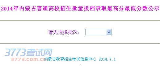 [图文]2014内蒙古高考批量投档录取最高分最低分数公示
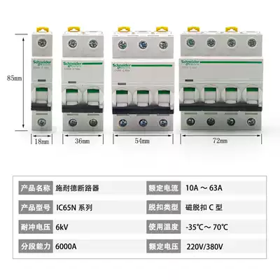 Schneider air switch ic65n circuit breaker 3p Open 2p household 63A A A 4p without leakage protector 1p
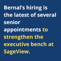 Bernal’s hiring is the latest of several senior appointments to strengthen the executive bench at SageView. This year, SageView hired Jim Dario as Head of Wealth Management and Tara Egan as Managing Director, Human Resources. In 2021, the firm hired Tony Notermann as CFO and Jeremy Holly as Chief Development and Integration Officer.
^^^^^^^^
• Aim of the task: From the line containing "Schneider air switch" to the end of the listing, restate each line word for word and nothing more; the pictures stay out.

• Solution to this task:
 Schneider air switch ic65n circuit breaker 3p Open 2p household 63A A A 4p without leakage protector 1p
 Bernal’s hiring is the latest of several senior appointments to strengthen the executive bench at SageView. This year, SageView hired Jim Dario as Head of Wealth Management and Tara Egan as Managing Director, Human Resources. In 2021, the firm hired Tony Notermann as CFO and Jeremy Holly as Chief Development and Integration Officer.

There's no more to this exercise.